As the Vietnam War came to an end, he and fellow Ramparts writer David Horowitz became disillusioned when the New Left turned a blind eye to the atrocities committed by the communist victors in Southeast Asia—the tiger cages and boat people in South Vietnam, the genocide in Cambodia. They began a slow motion political transition that led them away from the Left and ultimately made them, in their own term, "second thoughters" engaged in ongoing political combat with their former comrades. Collier and Horowitz traveled to Nicaragua in 1987 at the invitation of the State Department to encourage the "civic resistance" against the Sandinistas. The same year they organized a "Second Thoughts Convention" in Washington D.C. Their book about leaving the Left and becoming its enemies, Destructive Generation (1989), was compared to Whittaker Chambers' Witness.

He served as a co-author with Horowitz on several books on American history and political science. Their biographies The Rockefellers: An American Dynasty (1976) and The Kennedys: An American Drama (1984) both made the New York Times Best Seller list.
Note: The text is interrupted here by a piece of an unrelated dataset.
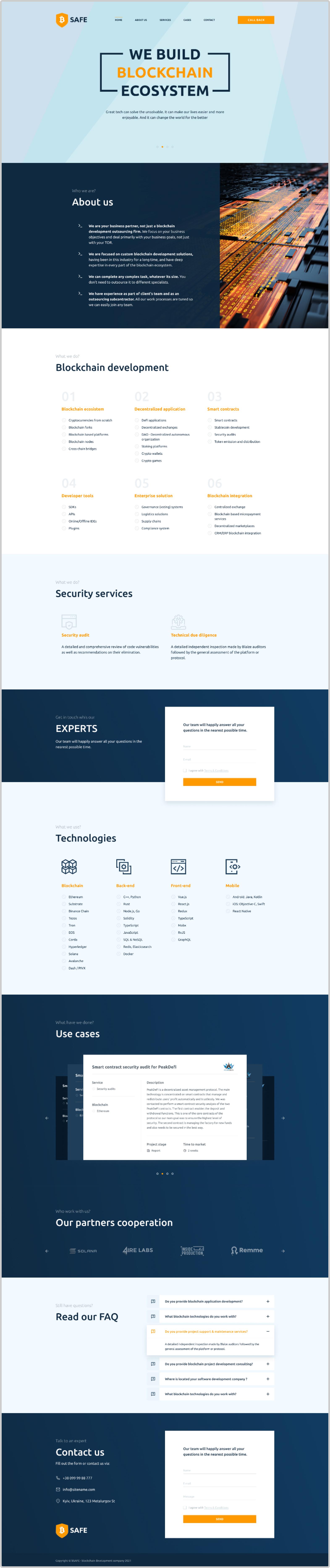 The client came to us with the request to develop a branded landing page for their company that specialises in blockchain development. It was essential to implement the following:

The Kennedys also made the year-end New York Times notable books of the year list in 1984. Later, they co-wrote works critical of the left and of leftists, including The Anti-Chomsky Reader (2004). He was a co-founder with Horowitz of the Center for the Study of Popular Culture.

Collier lived in Nevada City, California. His son Nick Collier is a creative director, digital strategist, and entrepreneur.

Collier died from acute myeloid leukemia on November 1, 2019, at age 80, in a hospital in Sacramento, California.

==Works==

===Co-authored with David Horowitz===

- The Rockefellers: An American Dynasty Summit Books (1976) ISBN 978-0671677886
- The Kennedys: An American Drama Encounter Books (1984) ISBN 1893554317
- The Fords: An American Epic Encounter Books (1987) ISBN 1893554325
- Destructive Generation Encounter Books (1989) ISBN 1594030820
- Deconstructing the Left: From Vietnam to the Clinton Era ISBN 978-0819183156
- The Roosevelts: An American Saga Simon & Schuster (1994) ISBN 978-0684801407
- The Heterodoxy Handbook: How to Survive the PC Campus (editor and contributor) Regnery Publishing (1994) ISBN 978-0895267313
- The Race Card: White Guilt, Black Resentment, and the Assault on Truth and Justice (editor and contributor) Prima Lifestyles (1997) ISBN 978-0761509424
- The Anti-Chomsky Reader Encounter Books (2004) ISBN 978-1893554979

===Novels===
- Downriver Dell Pub Co (1978) ISBN 978-0440118305
- Things in Glocca Morra Encounter (2021)

===Non-fiction===

- When Shall They Rest? The Cherokees' Long Struggle with America Dell Publishing (1975) ISBN 978-0440993414
- Second Thoughts: Former Radicals Look Back at the Sixties (editor) Madison Books (1989) ISBN 978-0819171474
- Second Thoughts About Race in America (editor) Madison Books (1991) ISBN 978-0819182432
- The Fondas: A Hollywood Dynasty Berkley Books (1992) ISBN 978-0425131848
- Medal of Honor: Portraits of Valor Beyond the Call of Duty Book and Multimedia DVD with photography by Nick Del Calzo Artis (2003) ISBN 1579653146
- Political Woman: The Big Little Life of Jeane Kirkpatrick Encounter Books (2012) ISBN 978-1594036040
- Wings of Valor: Honoring America's Fighter Aces with photography by Nick del Calzo. Naval Institute Press (2016)

===Other===
- The King's Giraffe children's tale with Mary Jo Collier. Stephane Poulin (Illustrator) Simon & Schuster Books (1996) ISBN 978-0689806797
- Collier's short fiction has appeared in Triquarterly, Canto, the Seattle Review, and the Missouri Review.